When parsing a typical programming language, you need two stages (Lexing and Parsing) although some languages, such as JSON, are simple enough to parse in a single stage (lexer and parser combined into a single LLLPG “lexer”), and some languages (such as PHP or Liquid) might benefit from more than two stages. The Enhanced C# parser has four stages: lexer, preprocessor (for #if
, #region
, etc.), tree parser, and main parser).
The official two-stage boilerplate example is included in the LLLPG-Samples repository, but let’s review a snapshot of it (May 2016). Now, no IntelliSense (code completion) is available in .ecs files, so it can be useful to split your Lexer and Parser classes between two files, and that’s what the boilerplate example does. In the Grammars.cs file, IntelliSense will be available and in the Grammars.ecs file you put your grammar code.
Typically you start by defining a token types:
public enum TokenType
{
EOF = 0, // End-of-file. Conventional to use 0 so that default(Token) is EOF
Newline = 1,
Number = 2,
/* TODO: add more token names here */
}
The lexing stage produces tokens that are sent to the parser, but how you store tokens is up to you. You could define your own Token
structure, like this:
public struct Token : ISimpleToken<TokenType>
{
public Token(int type, int startIndex, int length, object value = null)
{
Type = type; StartIndex = startIndex; Length = length; Value = value;
}
/// <summary>The category of the token (integer, keyword, etc.) used as
/// the primary value for identifying the token in a parser.</summary>
TokenType Type { get; set; }
/// <summary>Character index where the token starts in the source file.</summary>
int StartIndex { get; set; }
int Length { get; set; }
/// <summary>Value of the token. The meaning of this property is defined
/// by the particular implementation of this interface, but typically this
/// property contains a parsed form of the token (e.g. if the token came
/// from the text "3.14", its value might be <c>(double)3.14</c>.</summary>
object Value { get; }
}
But you can also use the default Token
in the Loyc.Syntax.Lexing
namespace in Loyc.Syntax.dll; the boilerplate makes the latter choice. In that case we should define this extension method on it because the default Token
just uses a raw int
as the token type:
public static class TokenExt {
public static TokenType Type(this Token t)

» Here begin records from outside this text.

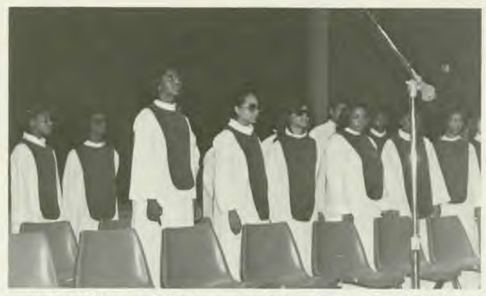
Straford Memorial Choir as they gave special music at the 11 a.m. service.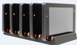
P-2CH01 5 Bays Tablet Charging Station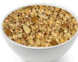
Multi Millet crunchy Muesli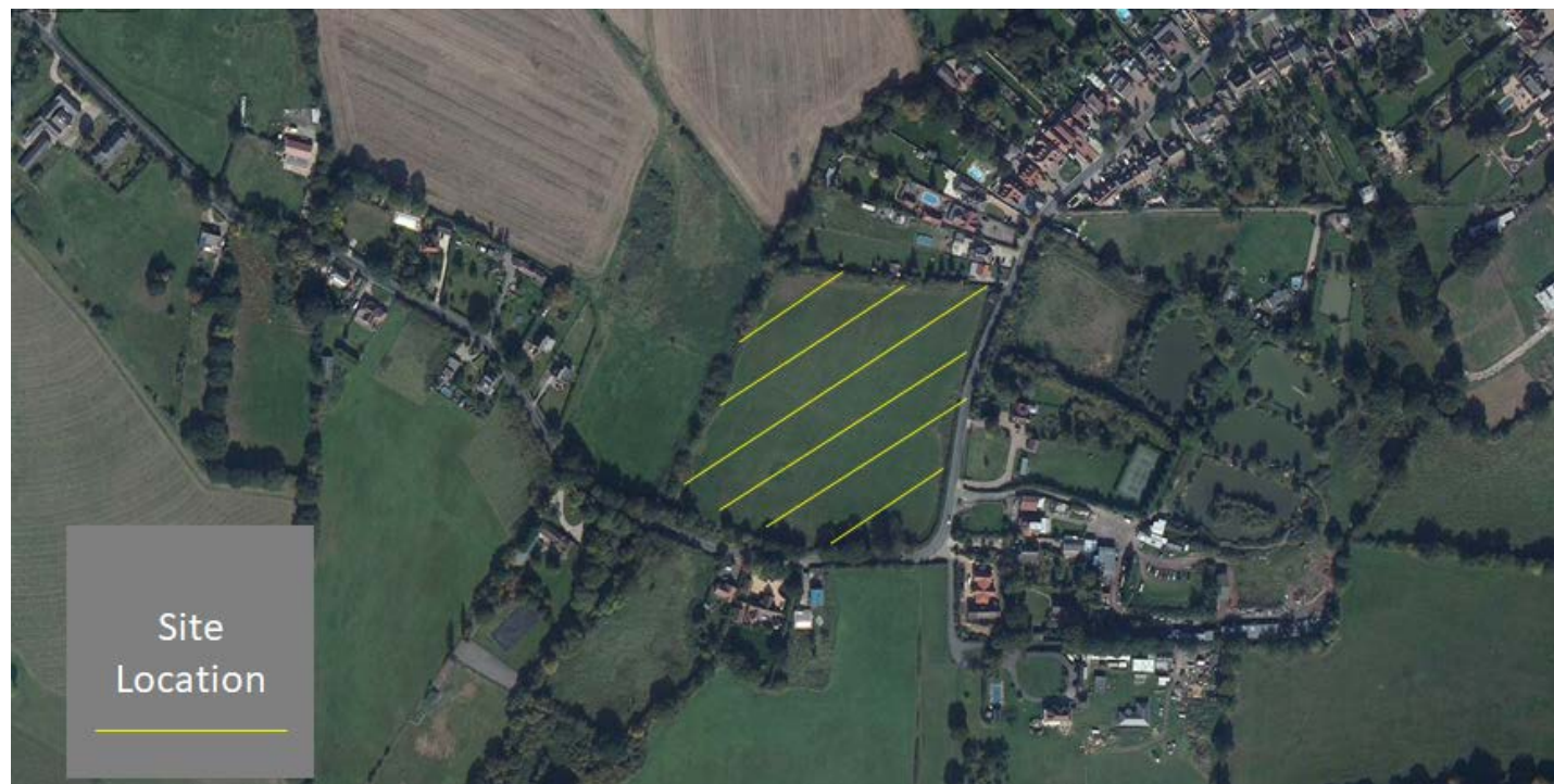
Figure 5: Land to the West of Bournebridge Lane

We would like to put forward the 2.75 hectare site to the West of Bournebridge Lane (shown in Figure 5 below, .....Redacted..... .....Redacted.....) to be considered for a new housing allocation.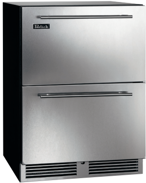
Drawer Model (Indoor)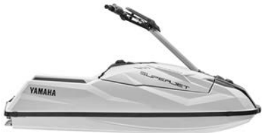
All new 2021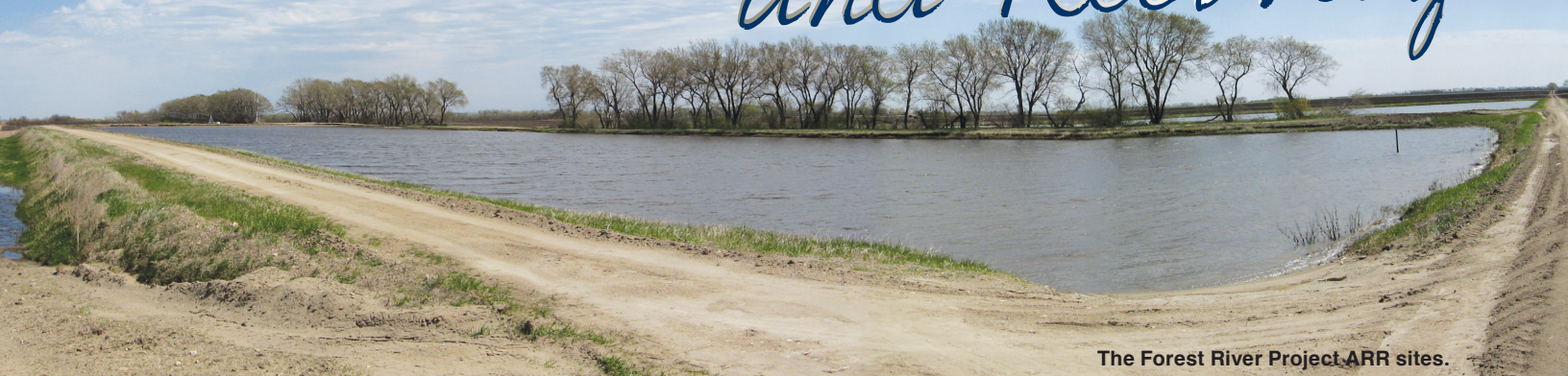
The Forest River Project ARR sites.

Agricultural water, which is primarily used for irrigation, remains the single greatest consumptive water use, by volume, in North Dakota. While irrigation can enhance yields in crop production and allows agriculture in areas that would not receive sufficient precipitation in “normal” years, it can face serious challenges in terms of water availability.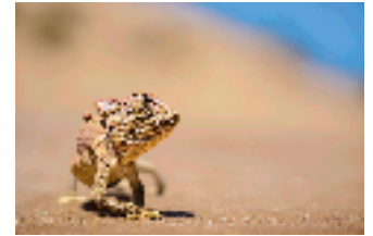
8 bit (LUT: 16 bit)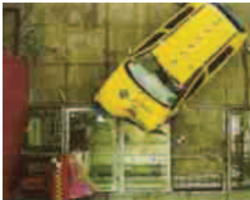
Fig. 6. Frontal impact against OBD – TNO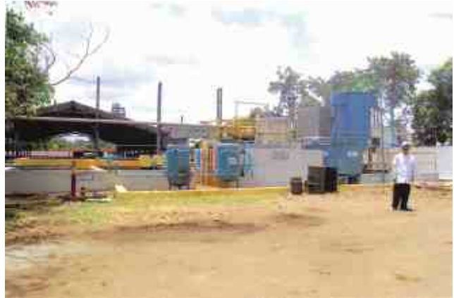
Effluent Treatment Plant

{ return (TokenType)t.TypeInt; }
}
Boilerplate Lexer
Because LLLPG doesn’t control the overall lexing and parsing processes (unlike in, for example, ANTLR), you need a little more boilerplate code to indicate how lexing will work. Here’s the lexer boilerplate in the Grammars.cs file:
partial class Lexer : BaseILexer<ICharSource, Token>
{
// When using the Loyc libraries, `BaseLexer` and `BaseILexer` read character
// data from an `ICharSource`, which the string wrapper `UString` implements.
public Lexer(string text, string fileName = "")
: this((UString)text, fileName) { }
public Lexer(ICharSource text, string fileName = "")
: base(text, fileName) { }
private int _startIndex;
// Creates a Token
private Token T(TokenType type, object value)
{
return new Token((int)type, _startIndex, InputPosition - _startIndex, value);
}
// Gets the text of the current token that has been parsed so far
private UString Text()
{
return CharSource.Slice(_startIndex, InputPosition - _startIndex);
}
}
This class is derived from BaseILexer
rather than BaseLexer
so that it implements ILexer<Token>
, which includes IEnumerator<Token>
. This is useful because it will let us use the Buffered()
extension method later, which lazily converts IEnumerator<T>
into IList<T>
.
And here is the rest of the boilerplate in the Grammars.ecs file, plus a Newline
and Number
rule to get you started:
partial class Lexer
{
LLLPG (lexer); // Lexer starts here
public override rule Maybe<Token> NextToken() @{
(' '|'\t')* // ignore spaces
{_startIndex = InputPosition;}
// this is equivalent to (t:Newline / t:Number / ...) { return t; }:
( any token in t:token { return t; } // `any token` requires v1.8.0
/ EOF { return Maybe<Token>.NoValue; }
)
}
private new token Token Newline @{
('\r' '\n'? | '\n') {
AfterNewline(); // increment the current LineNumber
return T(TT.Newline, WhitespaceTag.Value);
}
};
private token Token Number() @{
'0'..'9'+ ('.' '0'..'9'+)? {
var text = Text();
return T(TT.Number, ParseHelpers.TryParseDouble(ref text, radix: 10));
}
};
// TODO: define more tokens here
}
You might want to change this to strip out newlines so that the parser never sees them:
public override rule Maybe<Token> NextToken() @{
(' '|'\t'|Newline)* // ignore spaces and newlines
{_startIndex = InputPosition;}
( any token in t:token { return t; } // `any token` requires v1.8.0
/ EOF { return Maybe<Token>.NoValue; }
)
}
// Since our newline rule no longer returns a token, we can use `extern`
// to inherit the implementation of the Newline method in the base class
// (but we still need to specify its grammar so LLLPG knows when to call it.)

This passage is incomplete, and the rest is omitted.